Baku Heritage Tours
Full-stack development
A tour-booking and operations platform for a heritage-tour operator, built solo. It handles the whole lifecycle: a visitor books a tour online, and staff scan the QR ticket at the gate. Under the hood it's a Next.js Turborepo monorepo with a microservices backend.
The problem
Small tour operators run on a patchwork. A booking form here, a spreadsheet there, paper tickets at the door, and no single view of what's actually happening. Double-bookings slip through, walk-ins are hard to price, and nobody can say who really showed up. Baku Heritage Tours puts all of that in one place. Sell online, check people in at the gate, and see everything from one dashboard, so a small team can run more tours without more overhead.
What it does
Capability | What it means |
|---|---|
QR ticketing & check-in | Issue a scannable ticket on booking, and validate it at the door |
Reservations & dynamic pricing | Manage availability and adjust prices by demand and season |
Content CMS | Staff manage tours, media and pages without a developer |
Audit logging | Every sensitive action is recorded for accountability |
Scheduled jobs | Reminders, cleanup and reporting run on their own |
How it works
A Next.js app serves both the public site and the staff admin. Behind it, a set of Elysia.js services own separate slices of the domain over typed contracts. PostgreSQL (through Prisma) is the source of truth, and Redis handles anything fast and disposable like rate limits, job queues and caching. A booking moves through the system like this:
- Book. A visitor picks a tour and slot. The service checks availability and prices it.

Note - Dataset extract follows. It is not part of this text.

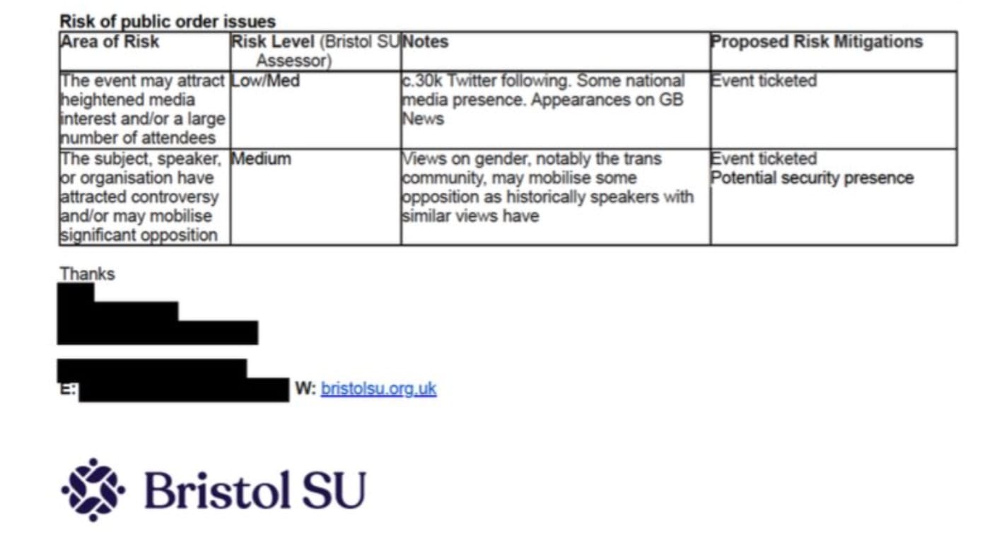 Bristol SU's risk assessment also highlights the precedent that 'historically speakers with similar views' have mobilised opposition. For example, last year a 'Women Talk Back' event sparked a protest due to the trans-exclusionary nature of the organisation.

- Issue. A QR ticket is generated and a confirmation email goes out.
- Scan. At the gate, staff scan the QR and the service validates it and checks the visitor in.

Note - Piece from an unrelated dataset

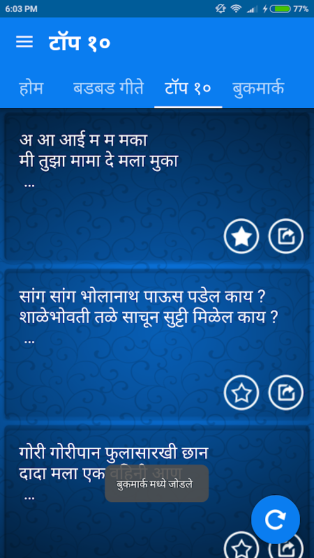 Badbad geete in Marathi is a comprehensive app which lists hundreds of Badbad geete in one single app.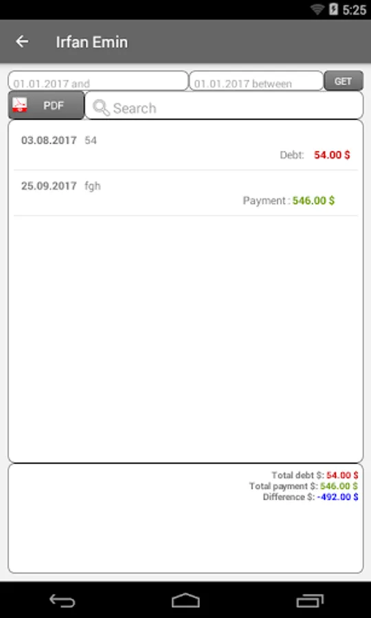 You can see the total payments and debts that can list payments and debts at the desired date range.

- Record. The check-in is logged, and scheduled jobs handle reminders and reporting.
Highlights
- Built solo, end to end: data model, services, UI and deployment
- Covers the full lifecycle, from booking to payment to ticket to gate scan
- Microservices on a shared-types monorepo, so client and services never drift
- Operations kept honest by audit logs and scheduled jobs
Stack
Next.js ·
Turborepo ·
Bun · Elysia.js ·
Prisma ·
PostgreSQL · Redis
Why this stack
Choice | Why | Instead of |
|---|---|---|
Next.js (App Router) | Server components render tour pages fast for SEO, and one framework covers both the public site and the admin | a separate SPA plus a standalone API |
Turborepo monorepo | Web and services share types and UI from one install, so the client can't drift from the API | a polyrepo with duplicated, hand-synced types |
Elysia.js on Bun | Tiny, end-to-end-typed services with first-class performance | a monolithic Express app with untyped routes |
PostgreSQL | Bookings and tickets need relational integrity and hard constraints | a document store like MongoDB |
Redis | Fast, disposable state for rate limits, job queues and caching | hammering Postgres for every transient read |
Biggest thing I've built solo. A whole business running end to end on one system. Ambitious, sure, but that's exactly why I took it on.